Well, it's been a year. Two miscarriages. My chronic illness was the worst it has been in a long time. Covid, a lot of activism with people of color, political divides...it has been The Year. I am mentally and emotionally exhausted, as I am sure a lot of you are.
This year has helped me understand history a lot. I have read about the Whigs and Tories of the late 1600s and early 1700s but I never quite grasped what a community divide this would have caused. Those supporting the monarchy vs those who were for independence...it very well probably pitted neighbor against neighbor and caused feelings of anger and frustration all around. I can see that mirrored somewhat today with current republicans and democrats. The divide is wide, and many times we don't communicate well with each other. There is name calling and slander on all sides and a great deal of distrust. I am fed up with the lot of it, and the media of course is making it worse. Democrats have families, raise children, pay taxes, and can be good people (who need Jesus) just as much as republicans who are also raising families, paying taxes and working hard in their communities. We are all on the same side even if we believe differently. We are supposed to be working together to build America not working against each other with threats, fists, or malice. If we fight each other those in power can go off and do what they want. As long as we are divided our attention those that are hidden in the shadows will remain so. Instead of becoming angry with our elected officials who make our laws and budget our money, we are angry at "the other side". And our elected officials are very happy our gaze is preoccupied with our neighbors, friends and families as they spend our tax dollars and manipulate the laws... it is a tragic turn of events.

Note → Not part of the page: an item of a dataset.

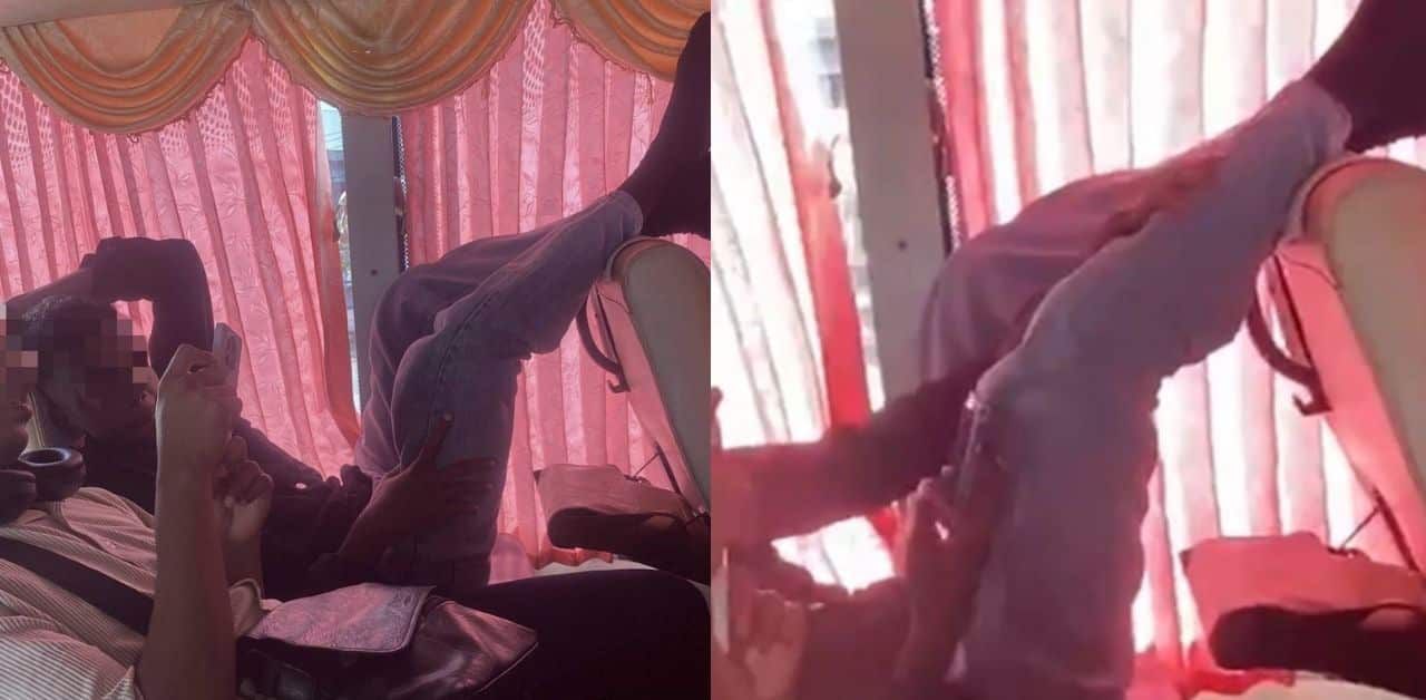Rakaman video seorang penumpang lain yang dimuat naik di platform Facebook menunjukkan lelaki terbabit menanggalkan kasut dan meletakkan kakinya di atas sandaran tempat duduk hadapan.

Our Christmas was so very nice. My aunt came down, and I promptly acquired a cold. I am praying my poor aunt does not get it. She is a wonderful person and I don't want to get her sick! It is a mild cold, not covid or the flu, but still. Not ideal for traveling and visiting. The kids had a wonderful Christmas while I decimated a box of tissues and took a nap. My husband is a saint and bought me a new computer with a big screen so I can see well again and write. I don't deserve such a caring man! I am typing on it now and going through another box of tissues while my husband plays his new video game.
How are you feeling at the end of this year? I am spent, tired; but hopeful and energetic about what is to come. Be well, my friends, and read the word of God. May your spirit trust in him.